| WHAT YOU SHOULD DO |
From the first line of the data down to and including the line with "Warm, natural colours", copy everything exactly, leaving out pictures.

| SUPPLIED INFORMATION |

Start of Block

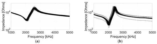 Impedance response of all array elements for (a) the CECAT and (b) the C1–3.
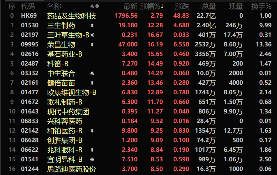 周二,港股市场生物医药股集体大爆发。恒生生物科技指数一度大涨超4%,板块内三生制药(3SBio)一度暴涨超40%,荣昌生物大涨超16%,瀚森制药、石药集团等皆大幅走高。
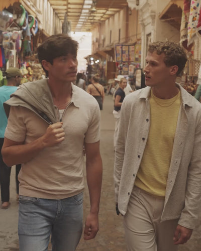 Warm, natural colours define the collection. Soft earth tones, muted blues and refined neutrals create balance and versatility. These sun faded tones feel effortless and confident, making it easy to combine pieces into a consistent wardrobe. The result is a clean, masculine look that feels natural and remains relevant throughout the season.
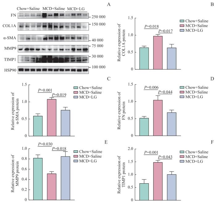 Note: A. Expression of FN, COL1A, α-SMA, MMP9, TIMP1, and HSP90 proteins detected by Western blotting. B-F. The relative expression levels of COL1A (B), α-SMA (C), FN (D), MMP9(E), and TIMP1 (F) proteins in the liver of mice.
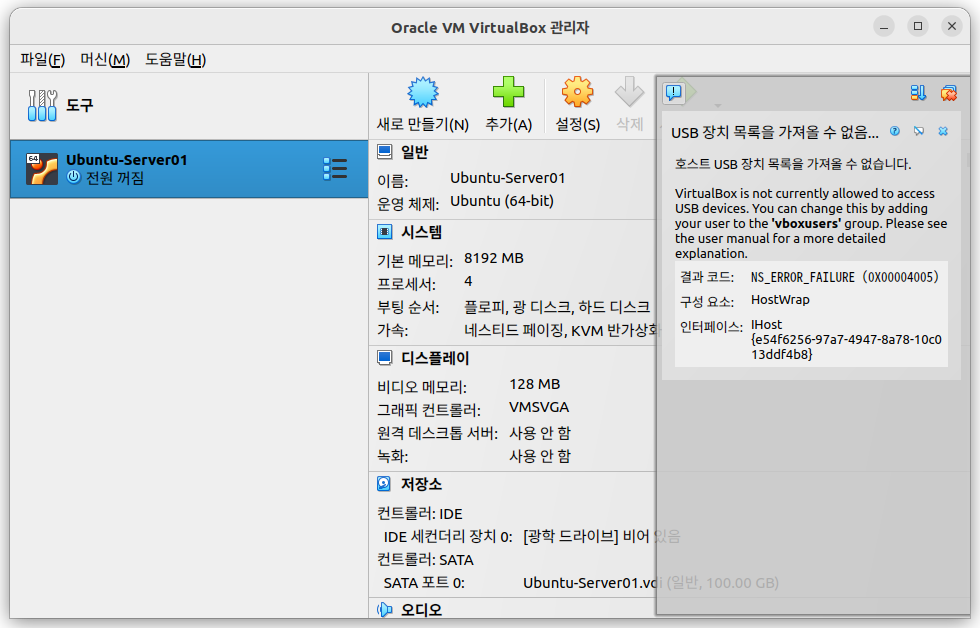 우분투 환경에서 VirtualBox 실행 시 USB 장치 에러 해결 방법
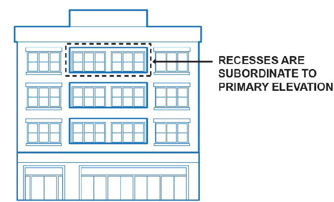 [Changes in plane may include but are not limited to recessed entries, bays, stepped parapets, secondary roof forms (e.g., gables, lower roof sheds, dormers and towers), building bases, canopies, awnings, projections, recesses, alcoves, pergolas, porticos, roof overhangs, columns, or other features that are consistent with the overall composition of the building.]
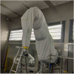 4、防灰塵。防護(hù)服使灰塵與機(jī)器人隔絕,便于清理。
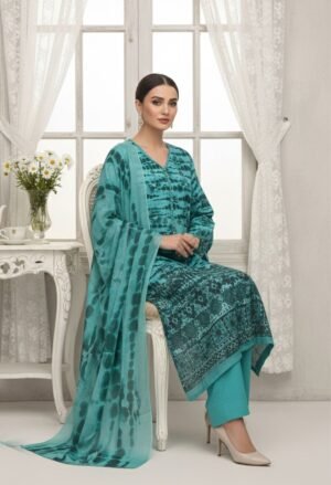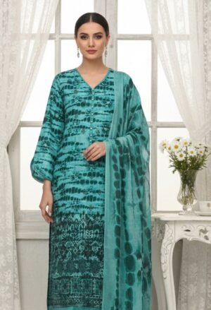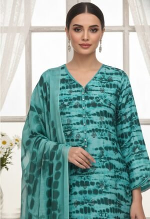 The Shaista Printed Lawn Embroidery No: 502 is a refreshing and graceful summer ensemble featuring soothing teal and aqua tones. Designed with modern abstract prints and a balanced color palette, this 3-piece unstitched lawn suit is perfect for women who appreciate calm elegance with a contemporary touch.

End of Block

| EXERCISE SOLUTION |
 Impedance response of all array elements for (a) the CECAT and (b) the C1–3.
 周二,港股市场生物医药股集体大爆发。恒生生物科技指数一度大涨超4%,板块内三生制药(3SBio)一度暴涨超40%,荣昌生物大涨超16%,瀚森制药、石药集团等皆大幅走高。
 Warm, natural colours define the collection. Soft earth tones, muted blues and refined neutrals create balance and versatility. These sun faded tones feel effortless and confident, making it easy to combine pieces into a consistent wardrobe. The result is a clean, masculine look that feels natural and remains relevant throughout the season.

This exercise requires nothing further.